WORK REQUEST: Restate all the entries exactly as they appear, apart from the pictures.

Records from a data collection:
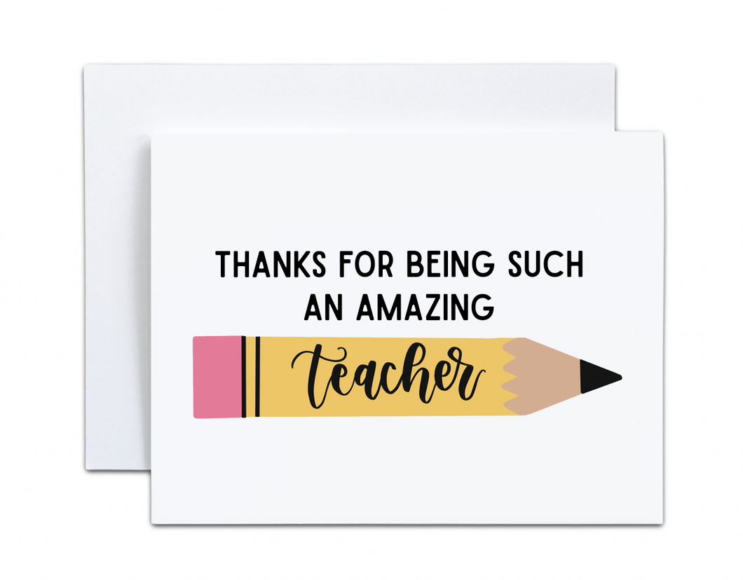 Show a teacher how much you appreciate them! This card reads "Thanks for being such an amazing teacher" and features a drawing of a pencil. The inside is blank so you can add your own personal message. This card is perfect for teacher appreciation week or as an end of the year gift!
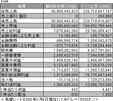 カインホイ株式会社(カホメックス、KHAHOMEX)[銘柄コード:KHA]はこのほど、2005年第4四半期の業績を発表した。詳細は次の通り:
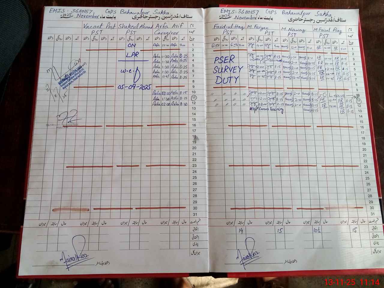 | CNIC | Full Name | Designation | R/C | Absence During Last Calender Month |
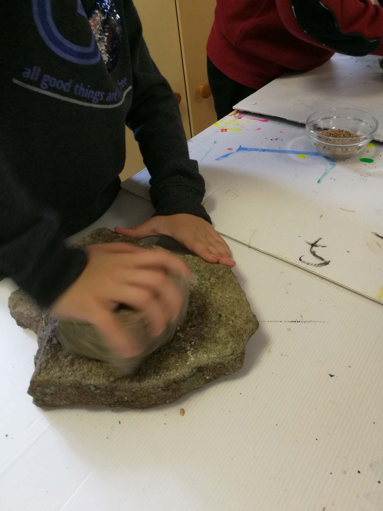 In einem Quizz rund ums Getreide können sie ihr Wissen einsetzen, um Punkte zu sammeln, für die das Schullandheim ein nachhaltiges Projekt bei „atmosfair“ fördert: d.h. Spaß haben und den Schullandheimbesuch CO2 neutral gestalten. Anschließend wird Mehl wie bei den Slawen, Römern oder auch Kelten gemahlen.
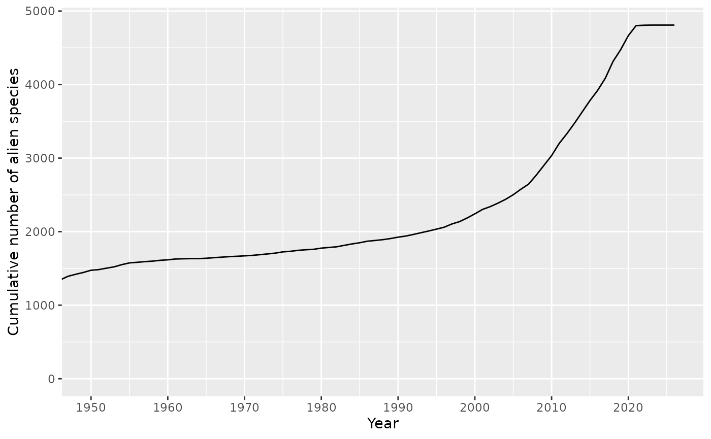 # Plot cumulative number of alien species
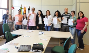 Um momento histórico para a UNIPAMPA. Esta foi a avaliação da pró-reitora adjunta de Graduação, Francéli Brizolla, sobre a posse de sete professores de Língua Brasileira de Sinais (LIBRAS) realizada pela Universidade Federal do Pampa (UNIPAMPA) na tarde desta terça-feira, 5 de novembro. Ana Paula Gomes Lara, Cristiano Pereira Vaz, Erika Vanessa de Lima Silva, Keli Krause, Marcelo Sander, Valéria Gonçalves Scangarelli Matte e William Dias Silveira passam agora a fazer parte do corpo docente da Instituição e ministrarão a disciplina de LIBRAS nos diferentes campi, bem como atuar em projetos de ensino, pesquisa e extensão. ![]() A pró-reitora adjunta fez o acolhimento em nome da reitora Ulrika Arns e destacou que o provimento de vagas para professores de LIBRAS, bem como as de intérprete da língua, é uma conquista para a UNIPAMPA. Segundo ela, a meta agora é preencher as demais vagas tanto para professor quanto para intérprete de LIBRAS, com aprovados para todos os campi no próximo concurso a ser lançado. “Queremos consolidar a presença da LIBRAS em toda a Instituição e não iremos descansar enquanto não alcançarmos todas as metas. [...] Não é uma questão só de cumprir a lei, mas sim firmar a cultura surda na Universidade”, afirmou Francéli. ![]() A professora Emiliana Rosa, da disciplina de LIBRAS no Campus Bagé e membro do Núcleo de Inclusão e Acessibilidade (NInA) , também participou da acolhida aos novos docentes e destacou a necessidade de perseverança na caminhada que se inicia. A docente atua desde 2009 na Instituição e convidou os novos colegas a trabalhar juntos para o crescimento da UNIPAMPA. ![]() Com a tradução dos intérpretes Felipe dos Santos e Eliege Moreira, a pró-reitora adjunta apresentou a estrutura de apoio com a qual os novos docentes irão contar, com três intérpretes de LIBRAS nos campi Bagé e Santana do Livramento e na PROGRAD, e salientou que, tão logo entrem em exercício, os professores participarão de uma reunião para que projetos que queiram implementar e outras atividades possam ser discutidas em conjunto, focando a UNIPAMPA como um todo. “A PROGRAD quer apoiar as ideias de vocês para que possam se tornar realidade”, comentou Francéli. LIBRAS é disciplina obrigatória nos cursos de licenciatura e optativa em outros cursos da UNIPAMPA. A chegada de novos sete docentes deverá qualificar ainda mais a oferta na área. ![]() |
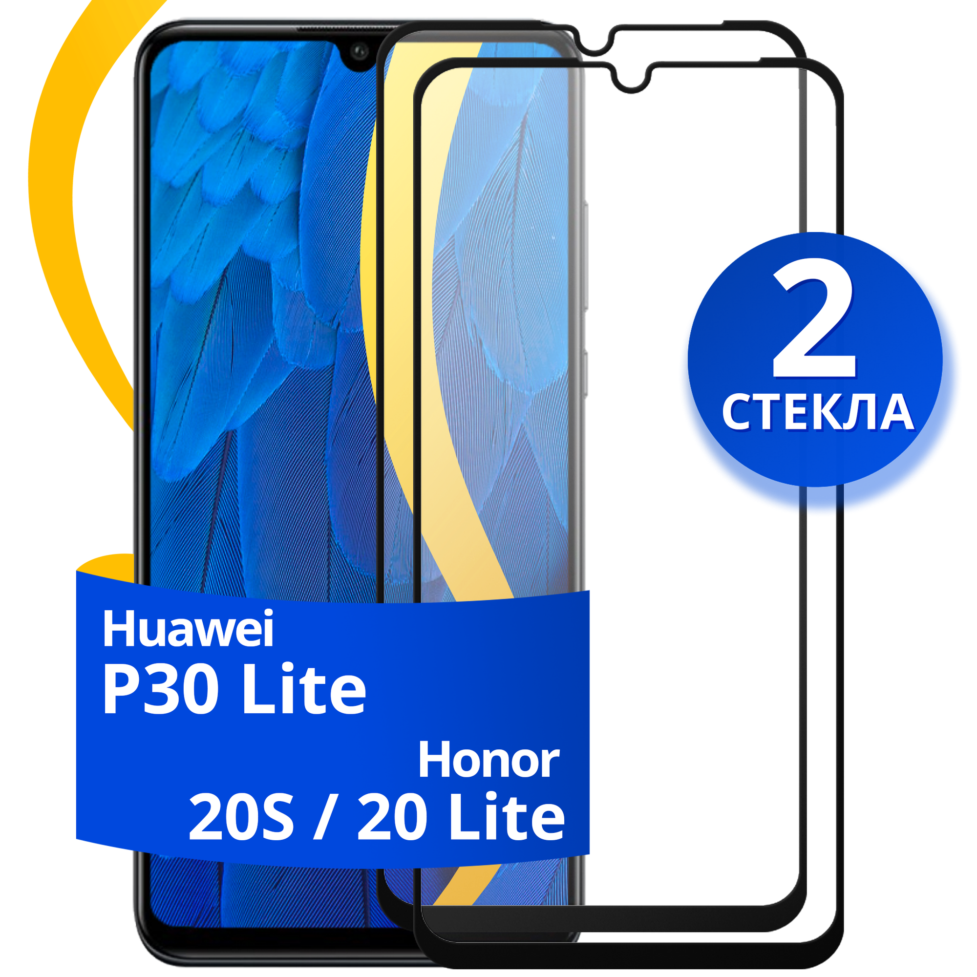 Купить Комплект из 2 шт. Глянцевое защитное стекло для телефона Huawei P30 Lite, Honor 20S и Honor 20 Lite / Хуавей Р30 Лайт, Хонор 20С и Хонор 20 Лайт
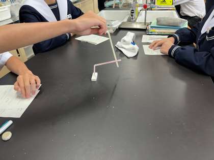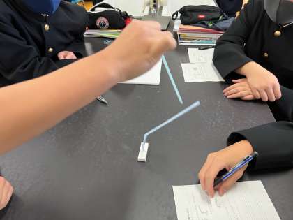 写真は、プラスチックストローを布でこすって、ストローどうしに働く力と、ストローと布の間で働く力について調べ、静電気の性質について考察しました。

TASK RESPONSE:
 Show a teacher how much you appreciate them! This card reads "Thanks for being such an amazing teacher" and features a drawing of a pencil. The inside is blank so you can add your own personal message. This card is perfect for teacher appreciation week or as an end of the year gift!
 カインホイ株式会社(カホメックス、KHAHOMEX)[銘柄コード:KHA]はこのほど、2005年第4四半期の業績を発表した。詳細は次の通り:
 | CNIC | Full Name | Designation | R/C | Absence During Last Calender Month |
 In einem Quizz rund ums Getreide können sie ihr Wissen einsetzen, um Punkte zu sammeln, für die das Schullandheim ein nachhaltiges Projekt bei „atmosfair“ fördert: d.h. Spaß haben und den Schullandheimbesuch CO2 neutral gestalten. Anschließend wird Mehl wie bei den Slawen, Römern oder auch Kelten gemahlen.
 # Plot cumulative number of alien species
 Um momento histórico para a UNIPAMPA. Esta foi a avaliação da pró-reitora adjunta de Graduação, Francéli Brizolla, sobre a posse de sete professores de Língua Brasileira de Sinais (LIBRAS) realizada pela Universidade Federal do Pampa (UNIPAMPA) na tarde desta terça-feira, 5 de novembro. Ana Paula Gomes Lara, Cristiano Pereira Vaz, Erika Vanessa de Lima Silva, Keli Krause, Marcelo Sander, Valéria Gonçalves Scangarelli Matte e William Dias Silveira passam agora a fazer parte do corpo docente da Instituição e ministrarão a disciplina de LIBRAS nos diferentes campi, bem como atuar em projetos de ensino, pesquisa e extensão. ![]() A pró-reitora adjunta fez o acolhimento em nome da reitora Ulrika Arns e destacou que o provimento de vagas para professores de LIBRAS, bem como as de intérprete da língua, é uma conquista para a UNIPAMPA. Segundo ela, a meta agora é preencher as demais vagas tanto para professor quanto para intérprete de LIBRAS, com aprovados para todos os campi no próximo concurso a ser lançado. “Queremos consolidar a presença da LIBRAS em toda a Instituição e não iremos descansar enquanto não alcançarmos todas as metas. [...] Não é uma questão só de cumprir a lei, mas sim firmar a cultura surda na Universidade”, afirmou Francéli. ![]() A professora Emiliana Rosa, da disciplina de LIBRAS no Campus Bagé e membro do Núcleo de Inclusão e Acessibilidade (NInA) , também participou da acolhida aos novos docentes e destacou a necessidade de perseverança na caminhada que se inicia. A docente atua desde 2009 na Instituição e convidou os novos colegas a trabalhar juntos para o crescimento da UNIPAMPA. ![]() Com a tradução dos intérpretes Felipe dos Santos e Eliege Moreira, a pró-reitora adjunta apresentou a estrutura de apoio com a qual os novos docentes irão contar, com três intérpretes de LIBRAS nos campi Bagé e Santana do Livramento e na PROGRAD, e salientou que, tão logo entrem em exercício, os professores participarão de uma reunião para que projetos que queiram implementar e outras atividades possam ser discutidas em conjunto, focando a UNIPAMPA como um todo. “A PROGRAD quer apoiar as ideias de vocês para que possam se tornar realidade”, comentou Francéli. LIBRAS é disciplina obrigatória nos cursos de licenciatura e optativa em outros cursos da UNIPAMPA. A chegada de novos sete docentes deverá qualificar ainda mais a oferta na área. ![]() |
 Купить Комплект из 2 шт. Глянцевое защитное стекло для телефона Huawei P30 Lite, Honor 20S и Honor 20 Lite / Хуавей Р30 Лайт, Хонор 20С и Хонор 20 Лайт
 写真は、プラスチックストローを布でこすって、ストローどうしに働く力と、ストローと布の間で働く力について調べ、静電気の性質について考察しました。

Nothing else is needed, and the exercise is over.